Copy all the lines of the listing below exactly. Skip the images.

**Supplied data**
• • • •
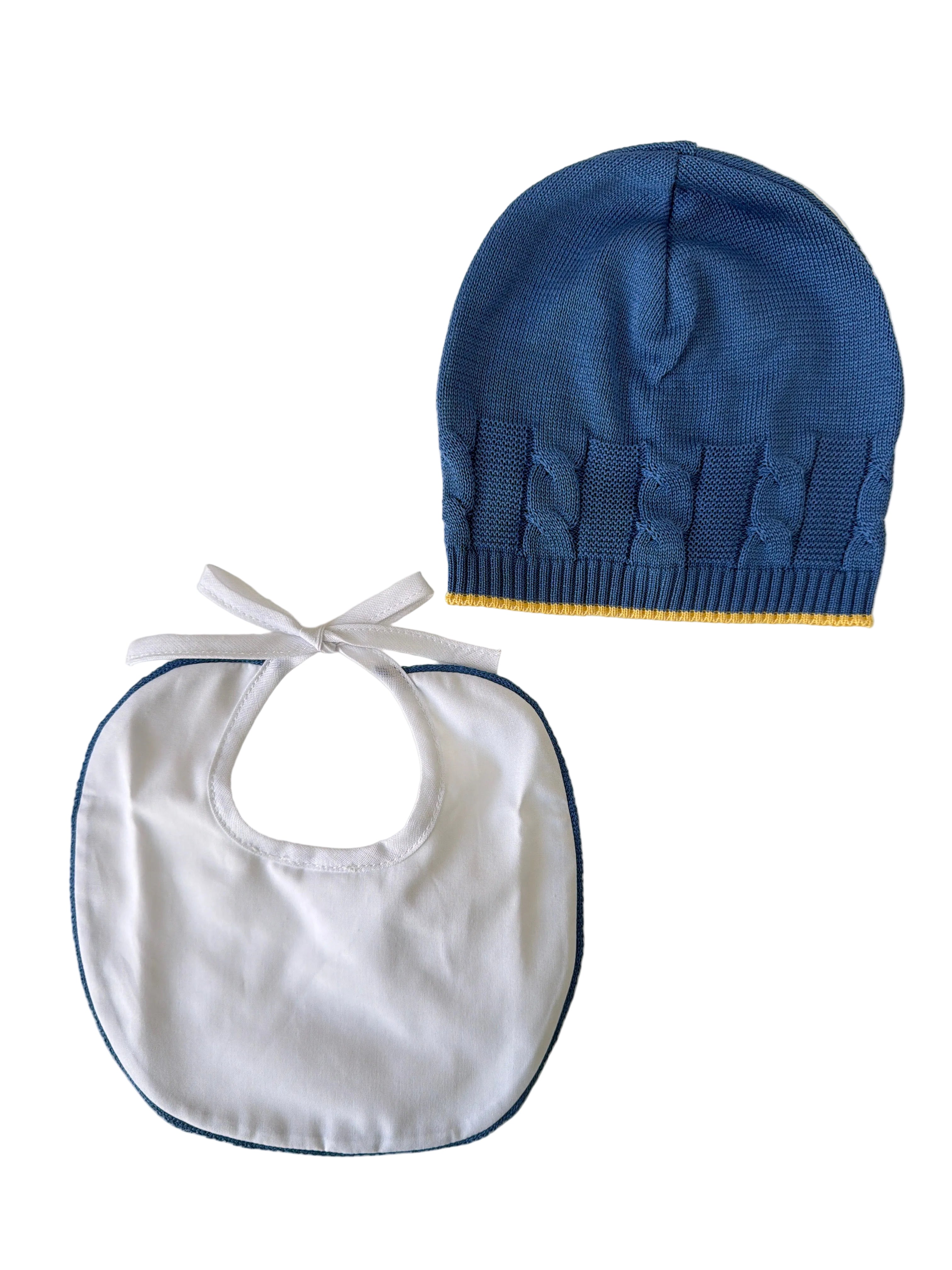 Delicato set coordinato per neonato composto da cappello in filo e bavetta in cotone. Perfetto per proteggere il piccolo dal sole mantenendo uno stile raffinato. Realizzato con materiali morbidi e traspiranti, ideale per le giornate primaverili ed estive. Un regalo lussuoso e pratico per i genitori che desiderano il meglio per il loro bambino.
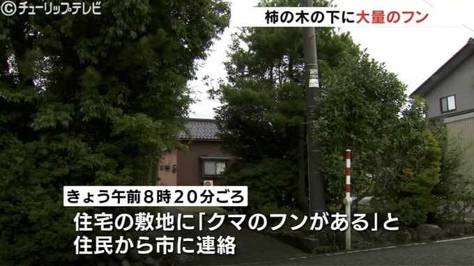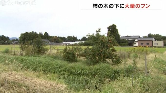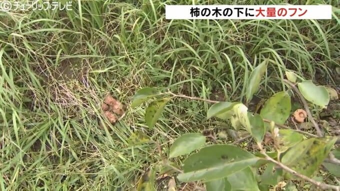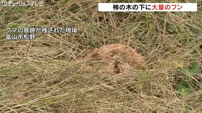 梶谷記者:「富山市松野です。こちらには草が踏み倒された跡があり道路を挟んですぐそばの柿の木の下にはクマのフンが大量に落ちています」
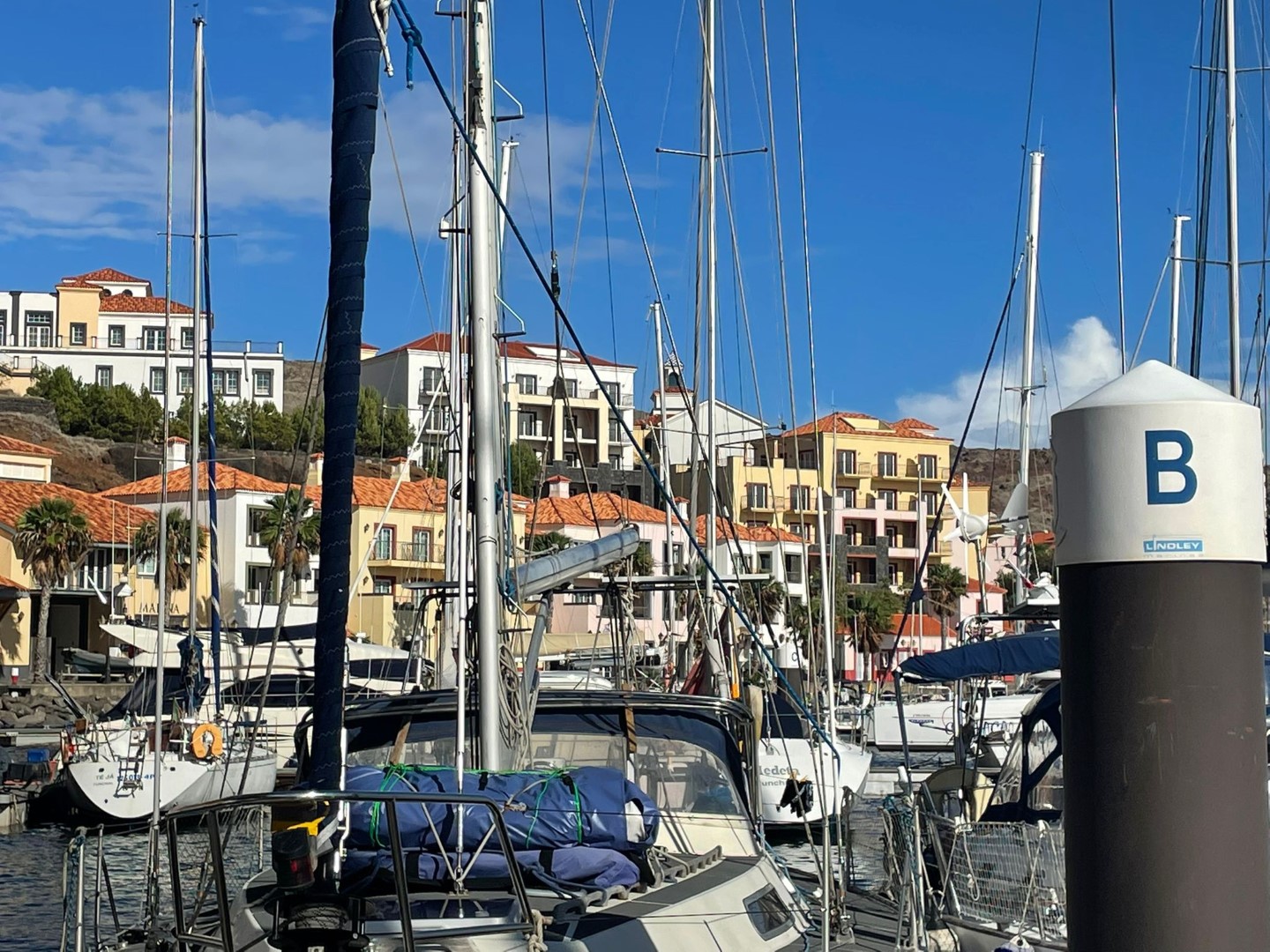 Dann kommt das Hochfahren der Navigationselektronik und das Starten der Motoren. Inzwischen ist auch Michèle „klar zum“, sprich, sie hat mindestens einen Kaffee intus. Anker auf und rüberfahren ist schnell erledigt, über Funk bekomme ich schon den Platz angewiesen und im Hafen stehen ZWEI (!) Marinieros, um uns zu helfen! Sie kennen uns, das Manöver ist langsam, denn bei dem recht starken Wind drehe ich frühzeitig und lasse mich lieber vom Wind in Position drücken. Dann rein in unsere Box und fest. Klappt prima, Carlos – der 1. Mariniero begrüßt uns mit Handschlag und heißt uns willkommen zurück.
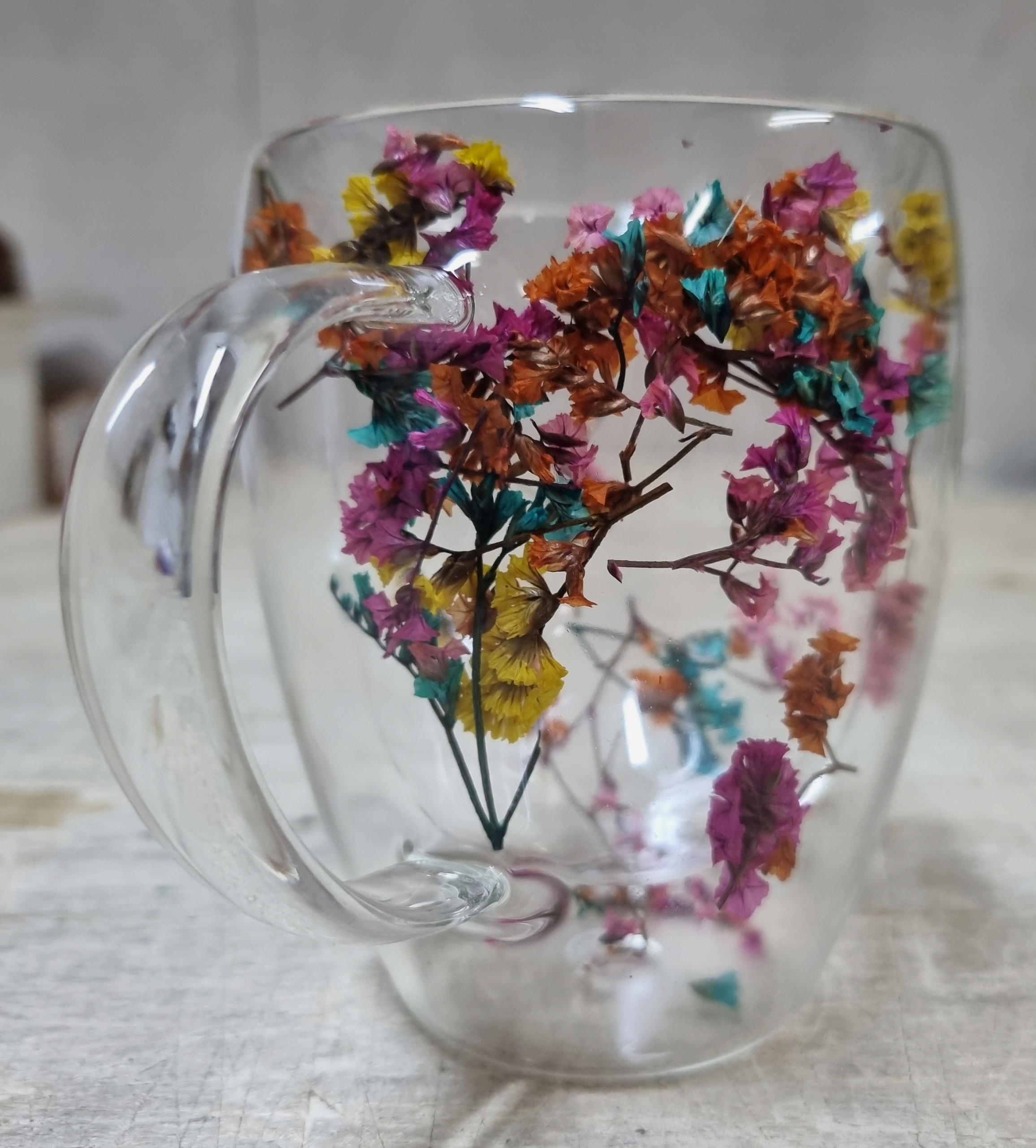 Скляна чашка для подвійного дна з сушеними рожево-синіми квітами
• • • •
**Exercise solution**
 Delicato set coordinato per neonato composto da cappello in filo e bavetta in cotone. Perfetto per proteggere il piccolo dal sole mantenendo uno stile raffinato. Realizzato con materiali morbidi e traspiranti, ideale per le giornate primaverili ed estive. Un regalo lussuoso e pratico per i genitori che desiderano il meglio per il loro bambino.
 梶谷記者:「富山市松野です。こちらには草が踏み倒された跡があり道路を挟んですぐそばの柿の木の下にはクマのフンが大量に落ちています」
 Dann kommt das Hochfahren der Navigationselektronik und das Starten der Motoren. Inzwischen ist auch Michèle „klar zum“, sprich, sie hat mindestens einen Kaffee intus. Anker auf und rüberfahren ist schnell erledigt, über Funk bekomme ich schon den Platz angewiesen und im Hafen stehen ZWEI (!) Marinieros, um uns zu helfen! Sie kennen uns, das Manöver ist langsam, denn bei dem recht starken Wind drehe ich frühzeitig und lasse mich lieber vom Wind in Position drücken. Dann rein in unsere Box und fest. Klappt prima, Carlos – der 1. Mariniero begrüßt uns mit Handschlag und heißt uns willkommen zurück.
 Скляна чашка для подвійного дна з сушеними рожево-синіми квітами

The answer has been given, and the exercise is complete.